Jul 12 2010
1. Be careful about needlessly long titles, particularly ones loaded with separate phrases. They’re typically less inviting to prospective readers and harder for people to remember. Unusually bizarre titles, like Saddam Hussein and the Hippies from Space, have more latitude here. (Regardless of length, they will be memorable).
2. If your title does not appeal to prospective readers, start over! Some words that rarely mean much to prospective readers include fictional character and place names. Alternately, some authors use puns. If the reader immediately makes prospective readers smile, fine. If readers will only understand the pun after reading the work, they won’t ever find out how witty the pun is… because they won’t open the book.
3. Words unfamiliar to prospective readers are not typically effective. “But The Legend of Bjornistan will really draw readers!” Unless the audience is Bjornistani, it definitely won’t.

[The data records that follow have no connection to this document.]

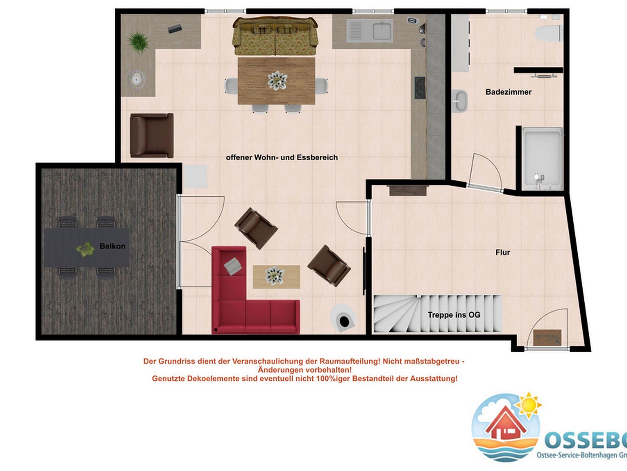Diese 3-Zimmer-Ferienwohnung mit verbundenem Wohn- und Essbereich eignet sich ideal für einen Urlaub an der Ostsee mit mehreren Gästen.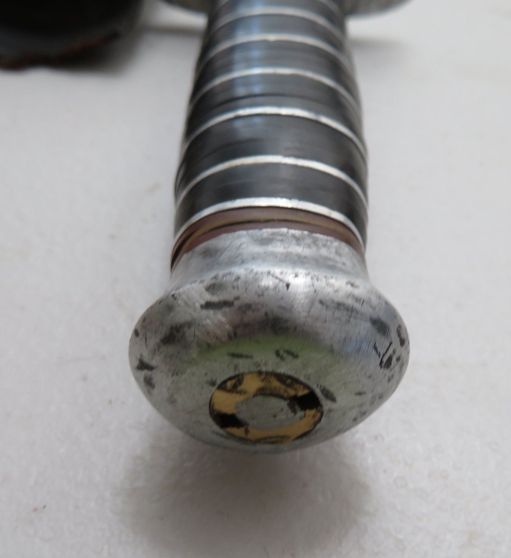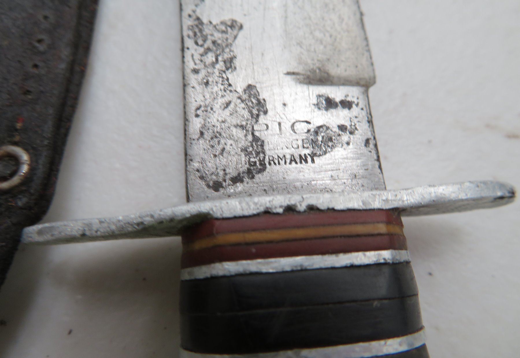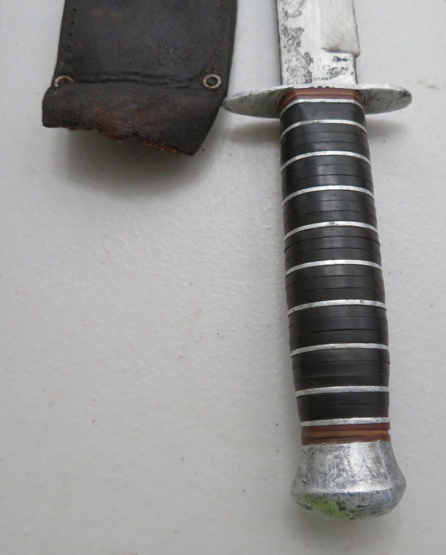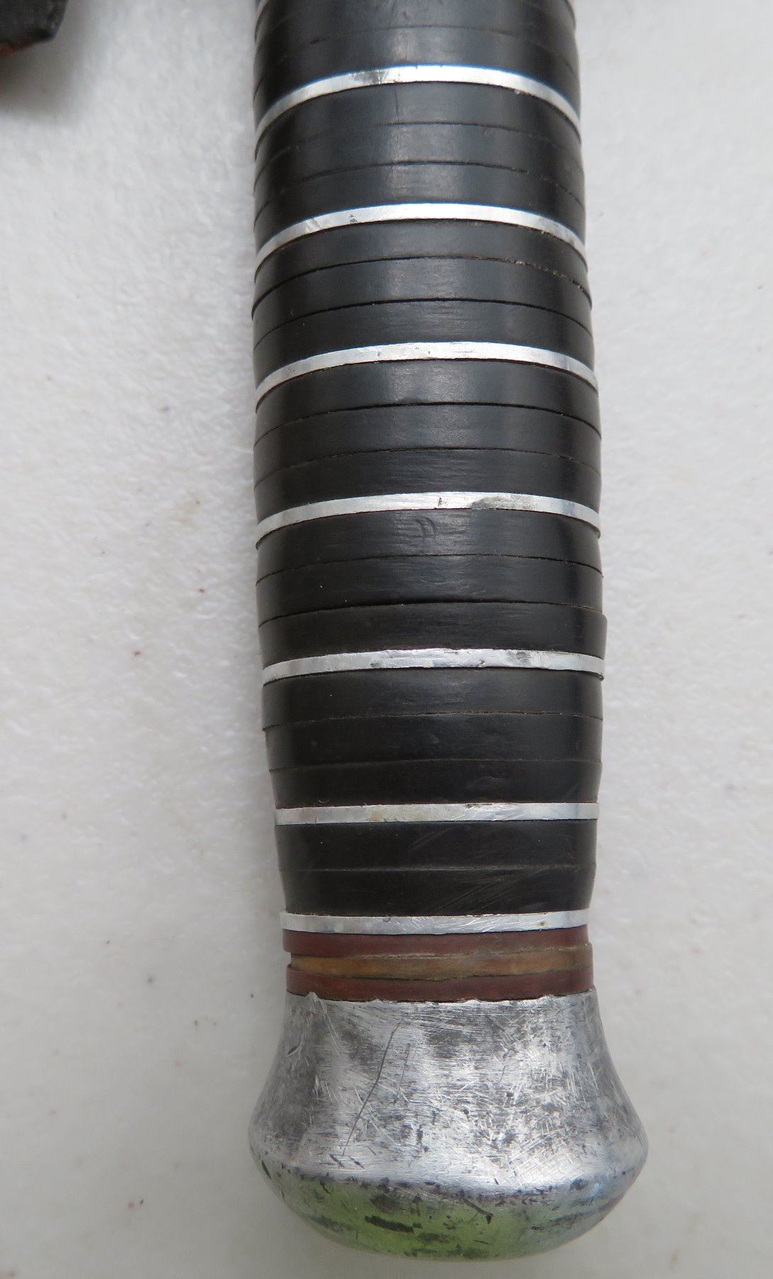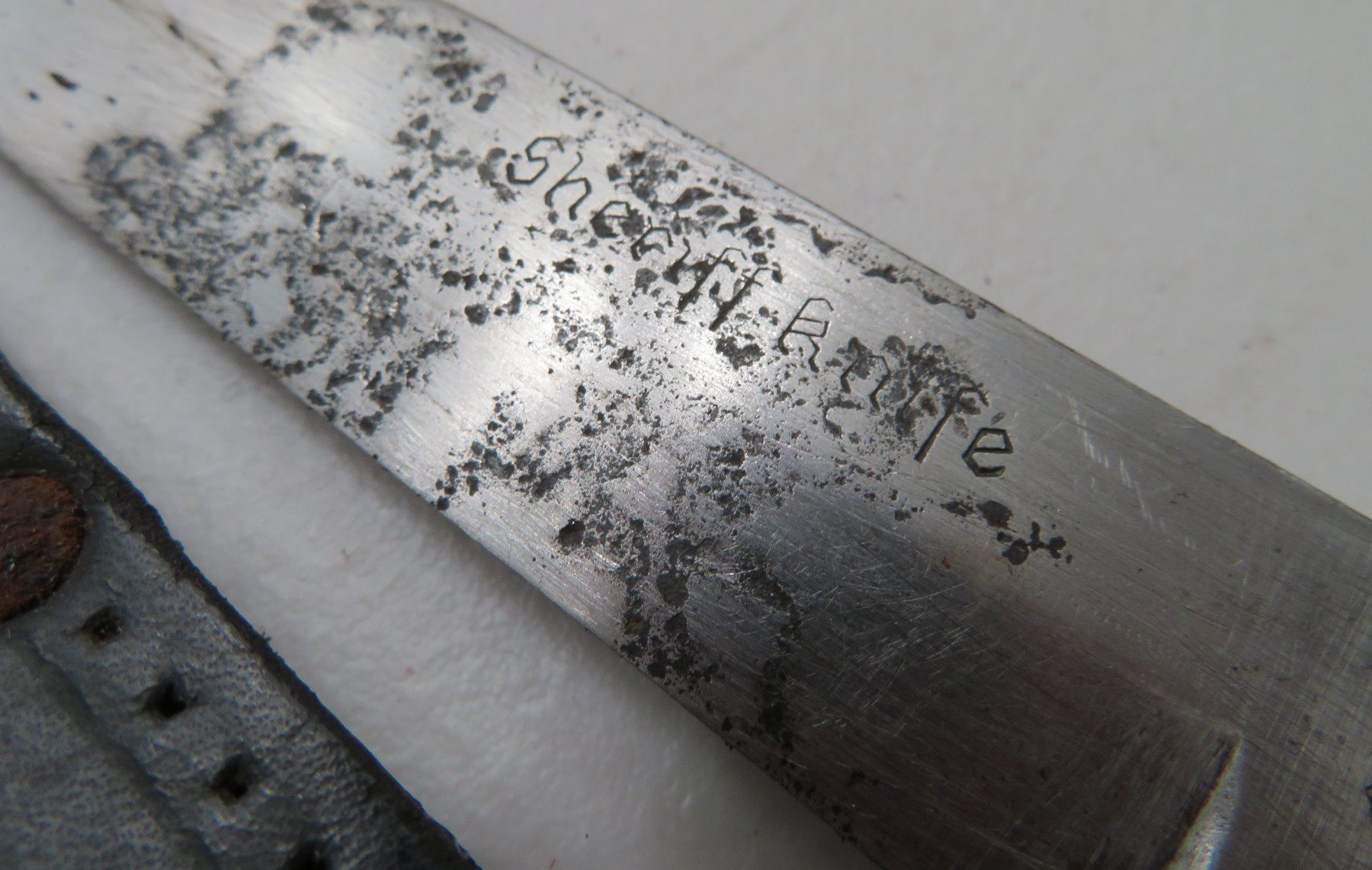 2 Hunting Knives, early 20th century items. Made of wood, leather, steel, the largest measures 13" and the other is 11". Smaller knife is German. Black knife reads sheriff knife on blade. Brown knife is an Indian trade knife. Condition: Worn, some rust, see images. Shipping: $30.00 w/insurance and signature, due to size.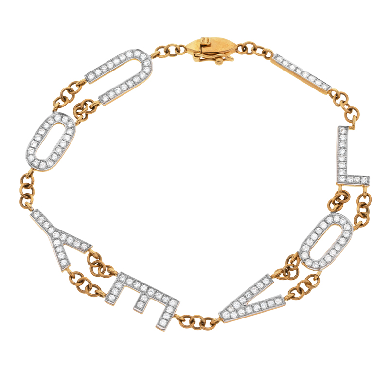 • detail Náramek ze žlutého zlata s diamanty. Délka 18cm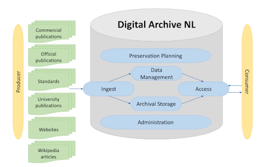 The long-term archive is based on the Open Archival Information System (OAIS).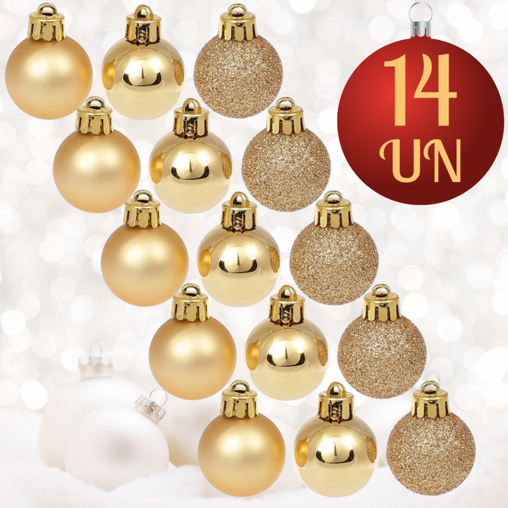 Kit 14 Bolinhas De Natal 3cm Fosca Glitter Lisa Enfeites
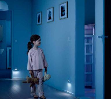 Merten serisi normal prizlere LED aydınlatma modülü eklenerek gece lambalı hale dönüştürülebilir.

4. Avoid words that tell a prospective reader something he already knows. In particular, words like “story” (book, tale, legend, chronicle, ballad, myth, fable and the like) are spectacularly ineffective. Your readers can see it’s a book, so telling them it’s a story is probably an insult to their intelligence. Two exceptions: comedic effect or conveying information that might not be otherwise obvious. For example, a word like “autobiography” or “memoir” may tell us something we didn’t know before.
5. I think it’s generally effective to name chapters. If your chapters aren’t titled, your table of contents will look this bland:
–Chapter One: 1
–Chapter Two: 25
Readers will see this page before the story, and it’s more boring than professional blackjack. In contrast, a list of chapters with interesting titles may show off your style and entice readers to keep going.
1. Don’t Vote! (It Only Encourages Them): 1
2. The Empire State Strikes Back: 25
3. A Hurricane of Coconuts: 47
Are you wondering what I can do with a chapter called “A Hurricane of Coconuts”? Then you’ll probably make it to chapter 3.